On Capitol Hill on Thursday, the National Security Agency director, Lt. Gen. Keith Alexander said the threat to U.S. computer networks was growing, with “hundreds of thousands of probes” daily. Alexander, who is slated to head a new cyber command to deal with this, characterized as “uncharted territory” the prospect of the United States launching cyber-based retaliation against future computer attacks.
The day before, I had a chance to interview a leading Russian cyber security official for his perspective. I asked Vladislav Sherstuyuk, a retired general who heads the Institute of Information Security Issues at Moscow State University and sits on the nation’s National Security Council, whether Russia was developing offensive cyberweapons. Through a translator, he gave me this reply: “It is not only Russia. It’s just the 21st century. It is because of the high technology. We didn’t invent the Internet. It was not Russia who invented the Internet. Without Internet there would be no cyberweapons, cyberattacks.”
A report late last year by the computer security company McAfee–a report based on interviews with third party experts–said that Russia, the United States, China, France, and Israel were all developing the capacity to attack and cripple computer networks including those that run critical infrastructure such as power grids.
Sherstuyuk hosted a cybersecurity conference this week in Garmisch-Partenkirchen, Germany, that represented his country’s efforts to set the rules of engagement. The meeting was noteworthy in that it was the first such Russian-sponsored event attended by White House and State Department officials. Russia wants to forge a kind of cyber arms-control agreement, but the United States is primarily interested in forging formal agreements to fight cybercrime.
Sherstuyuk explained his position to me. “Today we are talking about information weapons, about cyberweapons, and there is much in common between nuclear and cyberweapons, because cyber weapons can affect a huge amount of people as well as nuclear,” he said. “But there is one big difference between them. Cyberweapons are very cheap, almost free of charge.”
Even as such weapons are being developed, nations are increasingly trying to work together to fight crime and ward off such attacks. Hence the scene Wednesday night at the Hotel Nessen in Partenkirchen, where platters of pork and ham and shots of schnapps–sponsored by the Russian Interior Ministry–were passed around to the 140 attendees including researchers or government officials from India, China, Israel, and other nations, besides the United States.
But different nations are coming at the problem from different perspectives.

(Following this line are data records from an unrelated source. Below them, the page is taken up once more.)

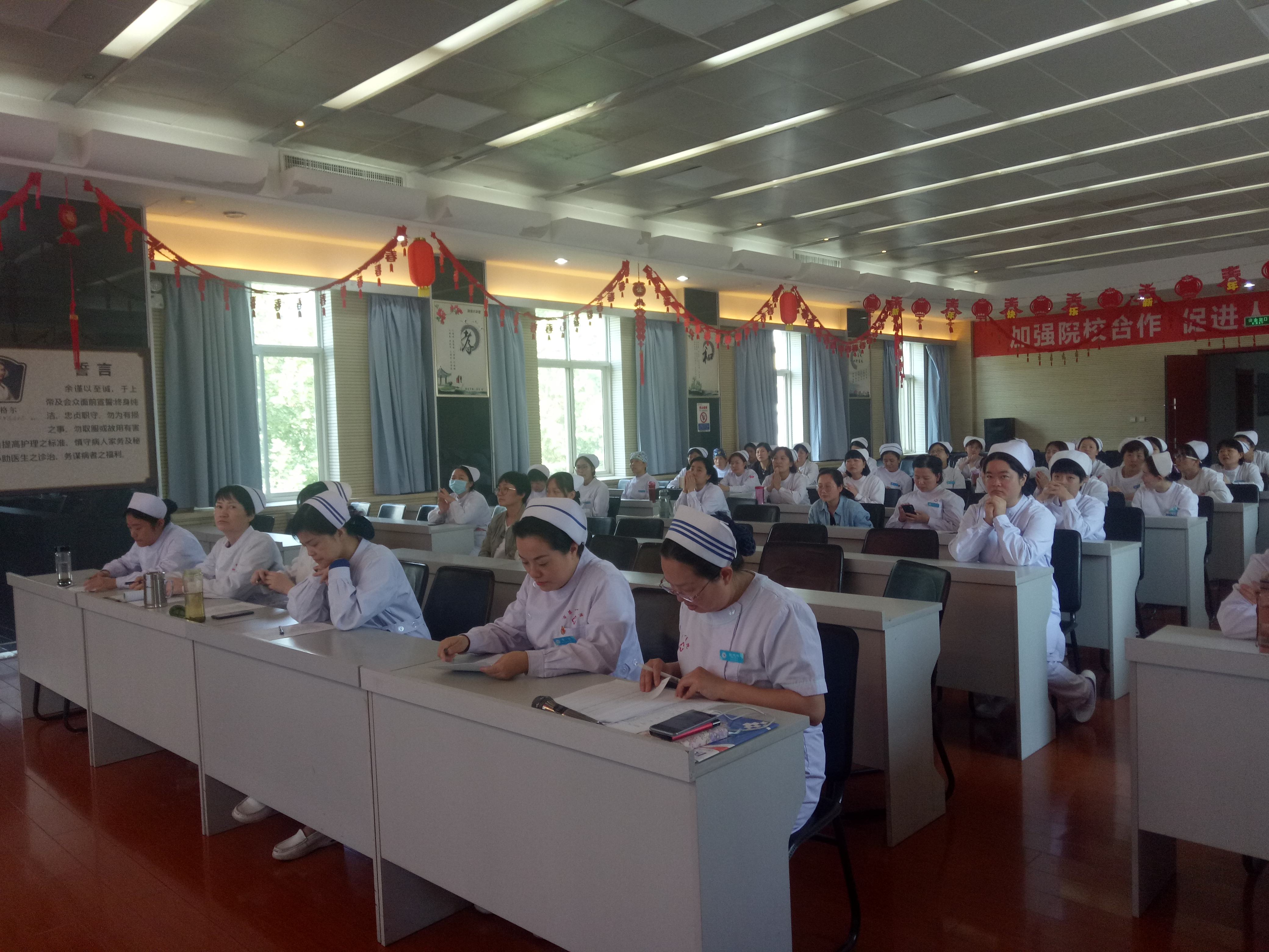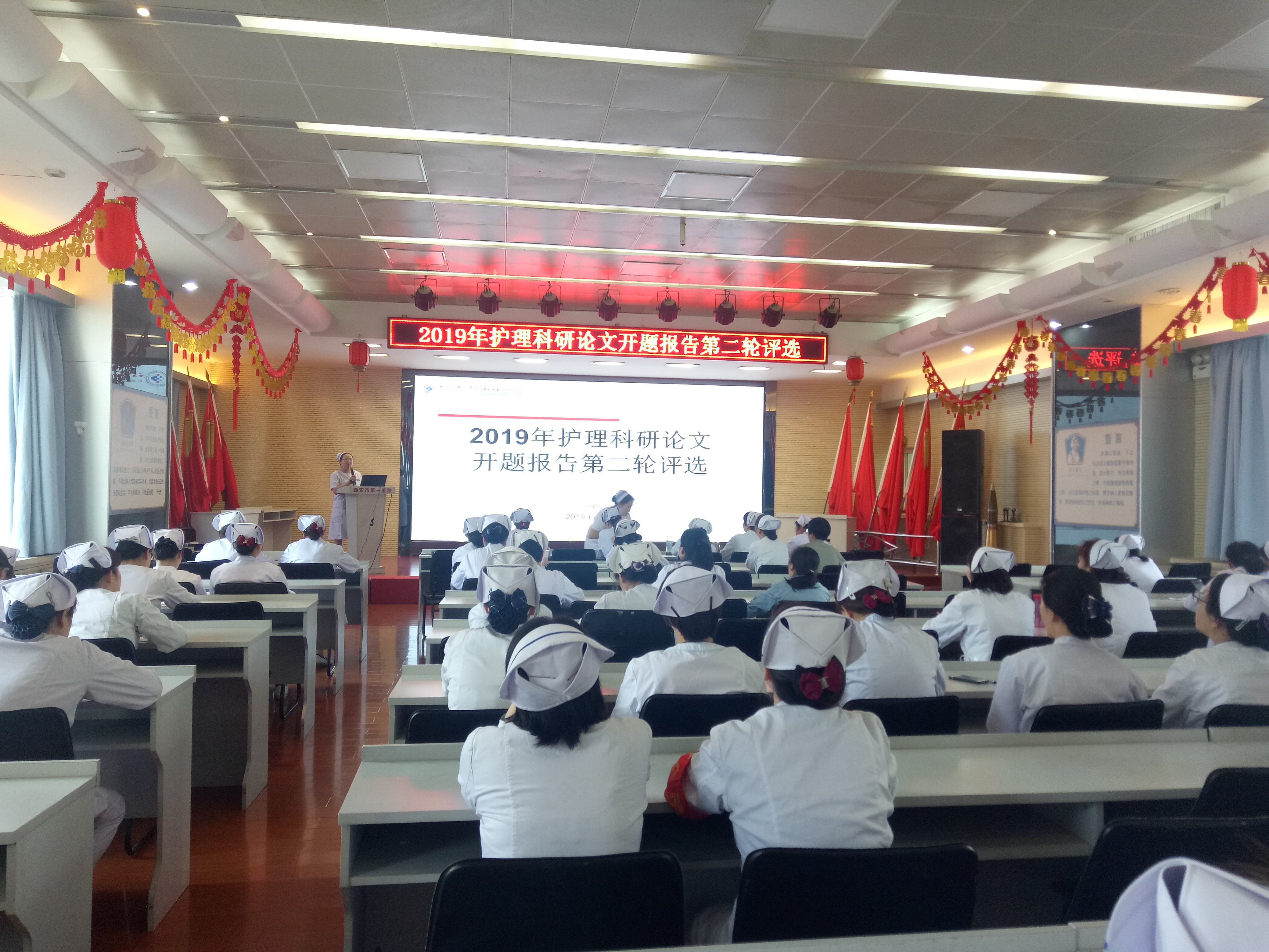 在心血管五楼会议室,举办N3层级护士科研开题决赛,全院N3层级护士、各科室护士长、院级护理科研小组成员约150余人参加。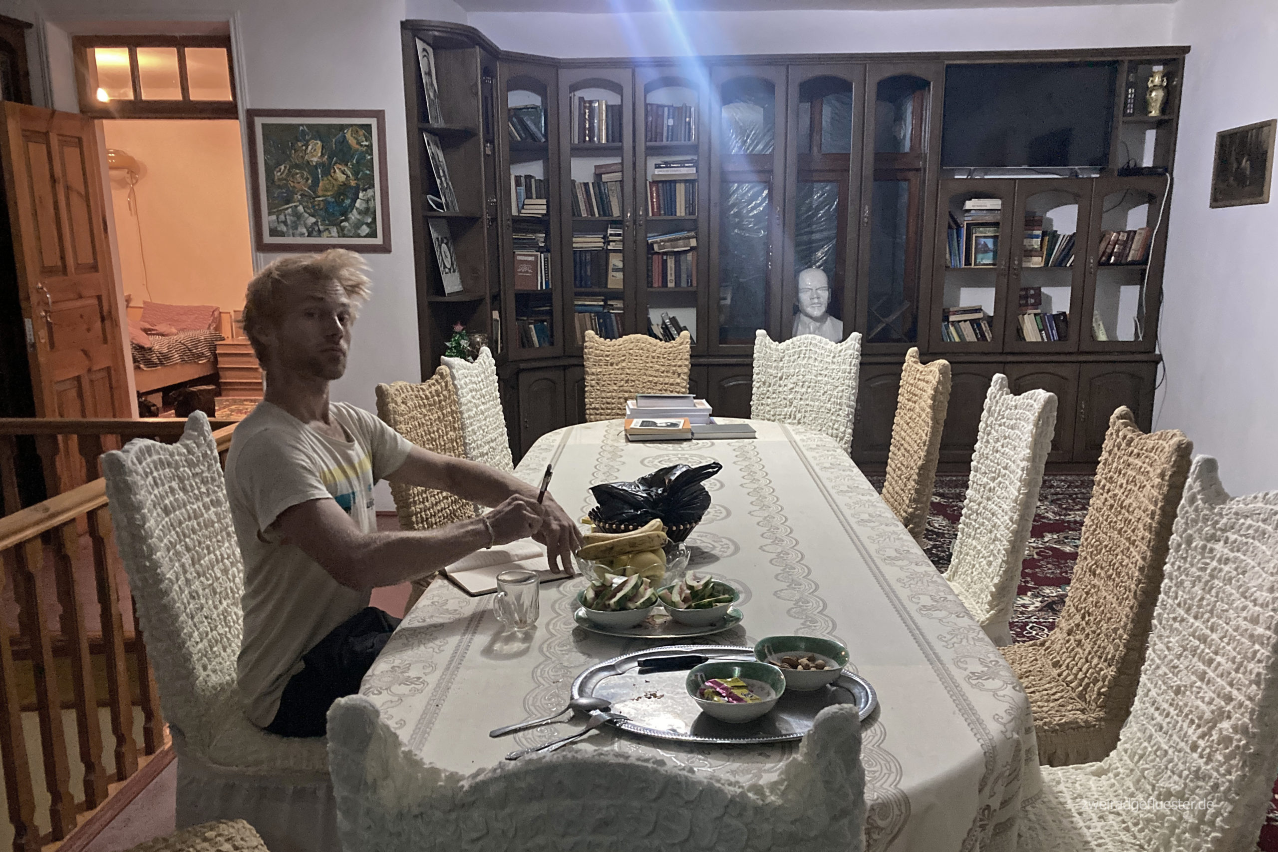Wir kommen nach dem kräftezehrenden Tag dennoch ziemlich müde und kaputt in der Stadt Panjakent an. Das Gästehaus haben wir aufgrund der ansteigenden Preise schon im Voraus gebucht, aber die Leute hier sehen nicht so aus, als hätten sie mit uns gerechnet. Viel eher wirkt es so, als ist hier gerade schon Winterpause. Das Haus ist schon zur Renovierung einfoliert. Wir sind genervt und wollen eigentlich nur noch ins Bett. Unsere Farsikenntnisse sind dann doch nicht so üppig, dass wir uns mit der Familie, die – wie sich später herausstellt – hier nur arbeitet und auf das Haus aufpasst, verständigen können. Ein paar Telefonate später, kommt dann eine Frau angefahren, die Englisch spricht, den Schlüssel dabeihat und öffnet uns die Tür zu unserer wohlverdienten Waagerechten.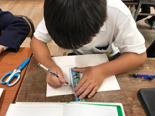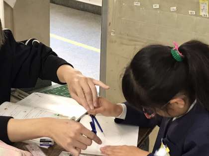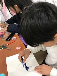 コンパスではじめて円をかく学習です。コツを掴むまで難しいコンパスですが、はじめてにしては、みんなとても上手にコンパスを扱ってきれいな円をかけています。中心や半径も書き加えて学んでいました。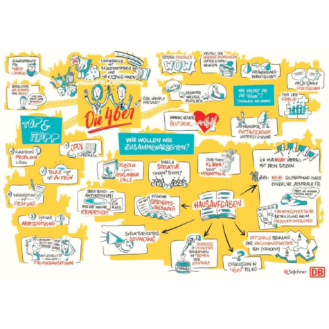 Viele kennen den Satz „Meine Schrift kann keiner lesen“ und das heißt oft, dass wir in der Moderation bzw. am Flipchart unsere Schrift nur ungern einsetzen. In diesem Workshop liegt der Fokus darauf, die eigene Handschrift zu verbessern, zu variieren und für die visuelle Darstellung gekonnt einzusetzen. Mit wenigen Strichen werden wir gemeinsam ohne zeichnerisches Talent mit Schrift Akzente setzen. Damit erhöht sich die Lesbarkeit und die Verständlichkeit und es stärkt die Sicherheit im Tun. Wir, die DB Zeichner, zeigen, wie sich jeder eine leserliche Schrift „angewöhnt“ und wie mit kleinen Veränderungen Effekte und Stile erzeugt werden. Sie erhalten Stifte, das Workbook der DB Zeichner und ein digitales Handout.

The White House has set cybercrime as the highest priority. The White House senior director for cybersecurity, Christopher Painter went to the conference to tell the Russian hosts Tuesday that “the predominant threat we face is the criminal threat–the cybercrime threat in all of its varied aspects.” Online bank fraud and other such crimes that have been extremely costly to U.S. companies. (Russia is one major source of such crime, but the country has declined to sign a crime-cooperation convention, objecting to a provision that would allow law enforcement to access its networks.)
Russia has other priorities. Sherstuyk told me that Russia is itself more concerned about the use of the Internet by terrorists to recruit, organize, plan, and execute conventional attacks inside Russia. Just two weeks ago, two female suicide bombers detonated inside the Moscow subway system, killing 39 people. “We have no examples of cyberterrorism yet,” the general said, referring to attacks on computer networks. “So [the issue] is more about information that you can get from Internet, information about forthcoming terrorism attacks, so we can watch airport and railway stations to observe whether there are attacks or not.”

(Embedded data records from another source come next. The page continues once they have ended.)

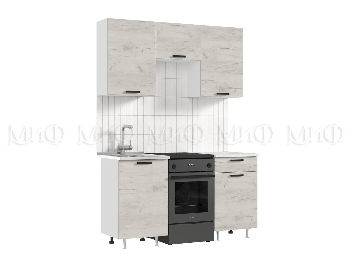 - Кухонный гарнитур Рио New 1500 дуб крафт Белый
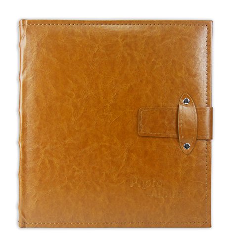 Golden State Art, Photo Album, Holds 200 5"x7" Pictures, 2 Per Page, Faux Leather Vintage Inspired Cover with Strap Closure, N55011-2 Brown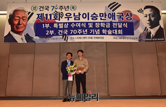 김용삼 박정희기념재단 기획실장이 14일 오후 서울 중구 한국프레스센터 국제회의장에서 열린 제11회 우남이승만애국상 시상식에서 특별상 수상후 기념 촬영을 하고 있다.제11회 우남이승만애국상 특별상에는 개인부문 △김용삼 기획실장(박정희기념재단) △인보길 회장(뉴데일리) △주옥순 대표(우먼채널) 청년대학생부문 △김동근 대표(대한민국청년대학생연합) △김은구 회장(서울대학교 트루스포럼) △오종택 회장(한국대학생포럼) △이진영 의장(한국대학생포럼)이 각각 수상했다.우남이승만애국상은 건국대통령 이승만 박사의 애국애족 정신을 계승 발전시키려는 목적으로 제정돼 대한민국의 정통성과 정체성 수호에 헌신한 애국시민단체 및 개인에게 시상해 온 상이다.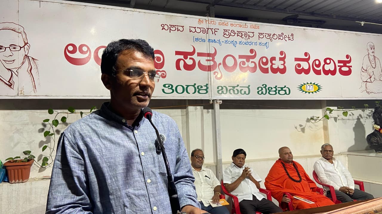 ಬಸವಮಾರ್ಗ ಪ್ರತಿಷ್ಠಾನ ಸತ್ಯಂಪೇಟೆ ಹಾಗೂ ತಾಲೂಕು ಜಾಗತಿಕ ಲಿಂಗಾಯತ ಮಹಾಸಭೆ ಆಯೋಜಿಸಿದ್ದ 127ನೇ ತಿಂಗಳ ಬಸವ ಬೆಳಕು ಕಾರ್ಯಕ್ರಮದಲ್ಲಿ ಶ್ರವಣ ಮತ್ತು ಸಿದ್ಧಾರೂಢ ಆನೇಗುಂದಿ ಅವರ ಸ್ಮರಣೆಯಲ್ಲಿ ನಡೆದ ಸಭೆಯಲ್ಲಿ ಅವರು ಮಾತನಾಡಿದರು.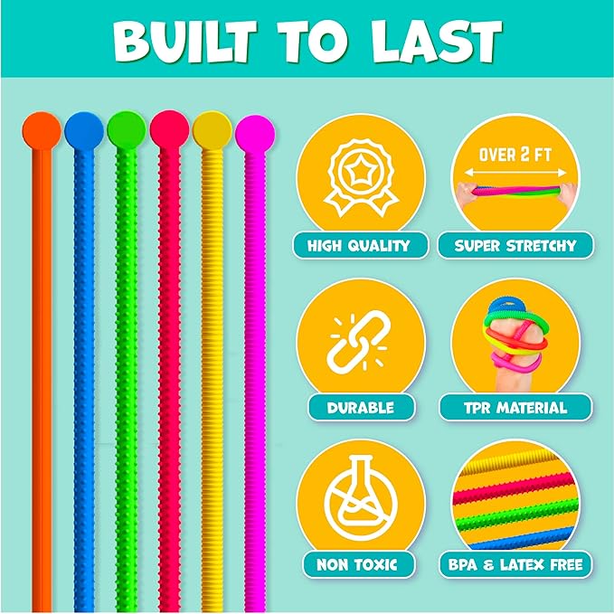 - Durable and Safe - Made from high-quality TPR, with BPA-free materials, these stretchy strings are soft, squishy, and easy to clean. They can stretch over 3 feet and are designed for extra durability.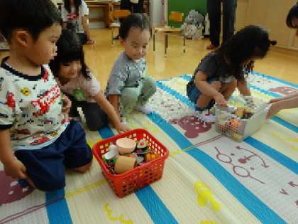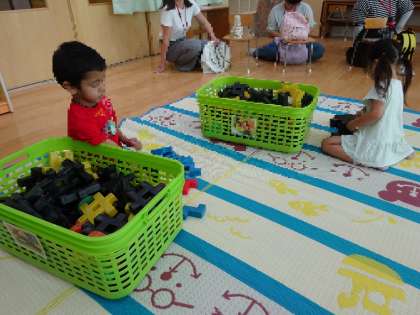 先生に名前を呼んでもらったり、置いてある遊具で自分の好きな遊びを楽しんだりしていました。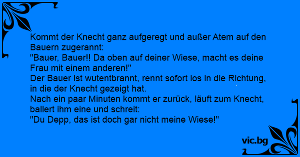"Bauer, Bauer!! Da oben auf deiner Wiese, macht es deine Frau mit einem anderen!"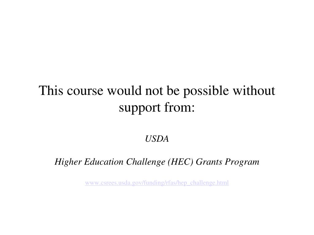 This course would not be possible without support from: USDA Higher Education Challenge (HEC) Grants Program www.csrees.usda.gov/funding/rfas/hep_challenge.html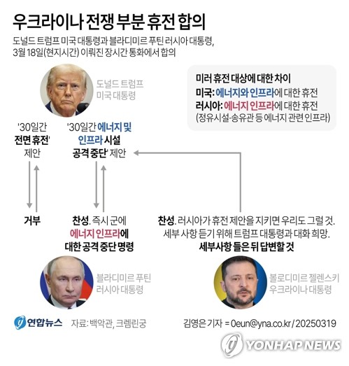 두 사람은 30일간 '에너지 및 인프라'(energy and infrastructure)에 대한 공격 중단이라는 부분 휴전에 합의했다는 것이 백악관의 발표다.

If there is one concern on which all parties agree, it is the need to be better able to determine who is doing the attacking–a problem known as “attribution.” It can be difficult or impossible to determine whether rogue hackers or a national defense ministry is behind an attack, such as those targeting Estonia’s computer networks in 2007. Improving attribution could be achieved by reducing online privacy, but it also could be achieved through better cooperation between nations to share existing information. “We want to make trust, and help set the rules in the information sphere,” the retired general told me. “And I bet that there are many things that we can do together.”
In written answers to the Senate Armed Services Committee prior to his testimony Thursday, Alexander said it is “reasonable to assume that returning fire in cyberspace” is lawful. His written answers were posted by The Washington Post here.
At the Tuesday dinner, various toasts were made, but none more lusty than the one made by a Russian attendee honoring Sherstuyuk himself. “Hoorah, Sherstuyuk!” he cried. Painter, who is a veteran federal computer crimes prosecutor, did his best to contribute to the merriment. Asked to make a toast, he offered a few guarded comments. Then he gamely told a joke about a hacker who was granted three wishes from a genie, on the condition that other hackers would get twice what he had wished. The first wish was for one million credit card numbers. The second was for a supercomputer to break cryptographic keys. The third was that he be able to donate one of his kidneys.